= James H. Rubin =

American art historian and academic

James H. Rubin

James Henry Rubin is an American art historian and a professor of history at Stony Brook University in Stony Brook, New York.

==Early life and education==
James Rubin was born on May 4, 1944. He was educated at Phillips Andover, Yale (B.A.), Harvard (PhD) and the Institut d'Art et d'Archéologie of the Sorbonne in Paris (license-ès-lettres).

==Career==
Prior to Stony Brook, he taught at Harvard University, Boston University and Princeton University. At Stony Brook, he was department chair for fifteen years.
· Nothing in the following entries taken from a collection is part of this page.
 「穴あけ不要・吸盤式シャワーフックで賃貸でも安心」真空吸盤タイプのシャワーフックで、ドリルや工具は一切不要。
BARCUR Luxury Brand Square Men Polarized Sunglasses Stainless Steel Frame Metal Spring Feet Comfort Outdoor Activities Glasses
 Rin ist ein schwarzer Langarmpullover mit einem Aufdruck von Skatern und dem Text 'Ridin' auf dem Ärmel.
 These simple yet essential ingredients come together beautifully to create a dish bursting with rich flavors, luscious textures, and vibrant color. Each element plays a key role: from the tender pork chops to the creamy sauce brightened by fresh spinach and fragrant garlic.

He also taught part-time for many years at The Cooper Union, New York City.

He has published over sixty articles and essays on subjects ranging from the eighteenth century to the present. He is the author of 13 books: Eighteenth Century French Life Drawing (1977), Realism and Social Vision in Courbet and Proudhon (1981), Eugène Delcaroix's 'Dantebarke' (1987), Manet's Silence and the Poetics of Bouquets (1994), Courbet (1997), Impressionism (1999), Nadar (2001), Impressionist Cats and Dogs: Pets in the Painting of Modern Life (2003), Impressionism and the Modern Landscape: Productivity, Technology and Urbanization from Manet to Van Gogh (2008), Manet: Initial M, hand and eye (2010, French edition 2011); Realism and Music: Courbet, Berlioz, Wagner and Relations between the Arts in Nineteenth-Century France (2012, e-book); and How to Read Impressionism: Ways of Looking (2013); and an edited volume, Rival Sisters: Art and Music at the Birth of Modernism, 1815-1915 (2014). His books have been translated into several languages including, French, Greek, Korean, Japanese, and Dutch.
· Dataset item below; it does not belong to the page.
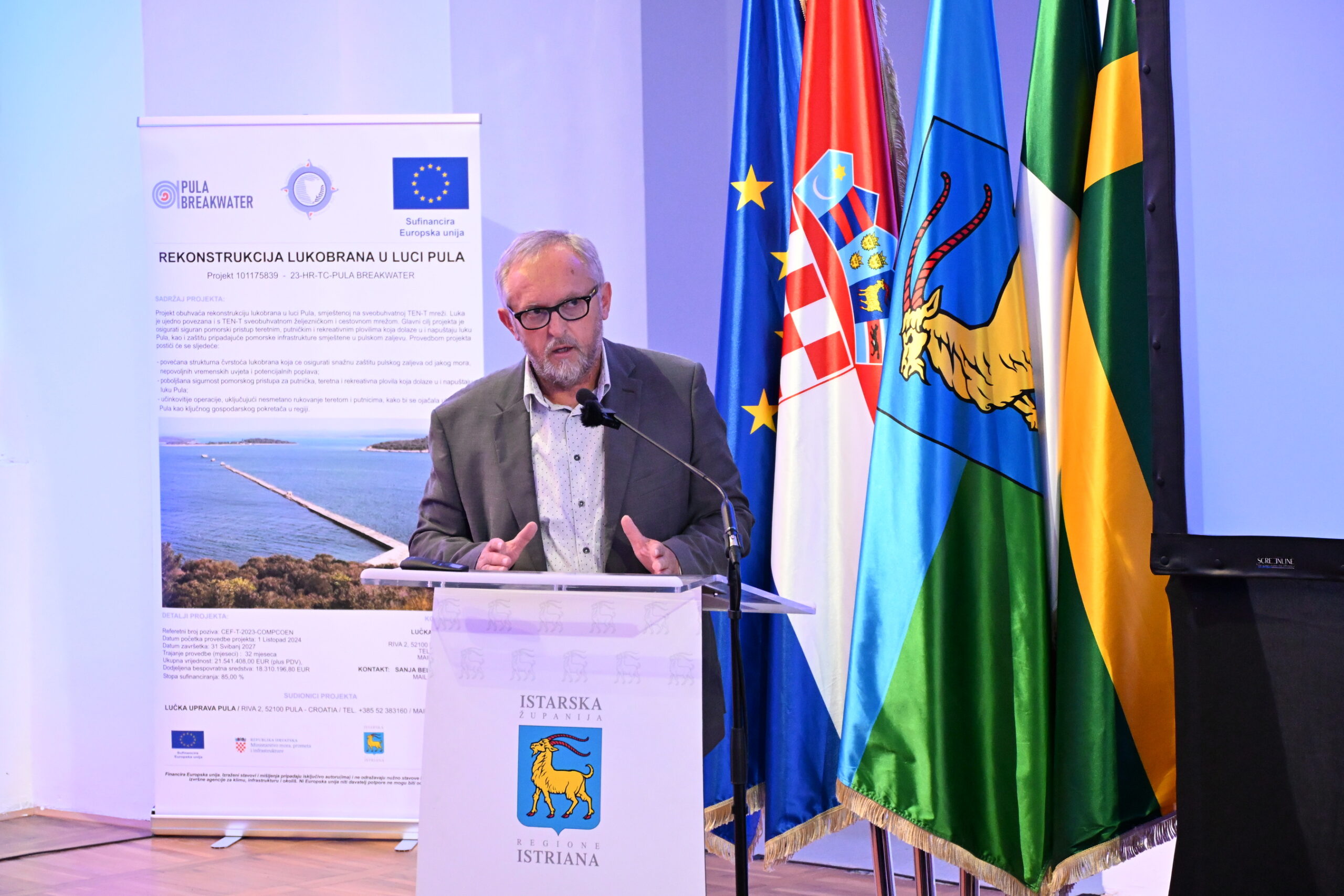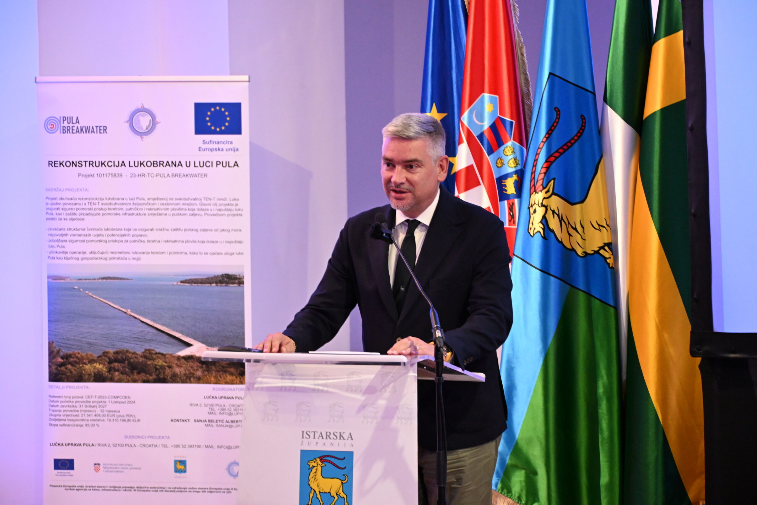 O značaju projekta govorili su župan Istarske županije Boris Miletić, gradonačelnik Pule Peđa Grbin, voditelj Službe za strateško planiranje i razvoj projekata pri Upravi za EU fondove i strateško planiranje Ministarstva mora, prometa i infrastrukture Marko Boban, ravnatelj Županijske lučke uprave Pula Dalibor Brnos te član Uprave POMGRAD INŽENJERING d.o.o. Nikša Musulin.
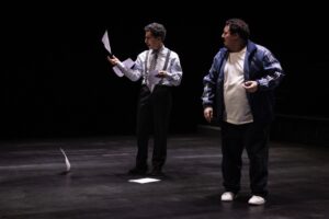 On entre dans un dispositif bi-frontal au bout duquel, de part et d’autre se trouve un écran. Christophe Rauck, metteur en scène, spatialise ainsi le diptyque qu’il propose sous le titre Presque égal, presque frère, en rassemblant deux pièces de l’auteur suédois Jonas Hassen Khemiri : Presque égal à et J’appelle mes frères, qui traversent plusieurs temporalités. Le dispositif scénographique est signé Simon Restino, il permet aux acteurs de se mêler au public pour le prendre à témoin, la création lumière d’Olivier Oudiou construit des atmosphères.

He has served on the International Committee of the College Art Association (CAA) and represented the CAA at the United Nations. He is a member and Vice President of the Société Paul Cézanne, based in Aix-en-Provence, France. At Stony Brook, he is an affiliate of the Department of European Languages, the Department of Cultural Studies and Critical Analysis, and the Department of Philosophy. When he teaches graduate seminars at Stony Brook's annex campus in Manhattan, they are cross-listed with Philosophy as part of Stony Brook’s Art and Philosophy program. In 2008, he was a Research Visiting Professor at the Université de Paris I, Institut national d'histoire de l'art in Paris. He is the winner of an American Council of Learned Societies Travel Grant and as of 2016 was on leave as a National Endowment for the Humanities Public Scholar.

==Personal life==
He is a dual French-U.S. citizen, speaking fluent French and English. He travels frequently, lectures and collaborates internationally, while living in New York City and in Mittelbergheim, Alsace. His son is the filmmaker Henry-Alex Rubin.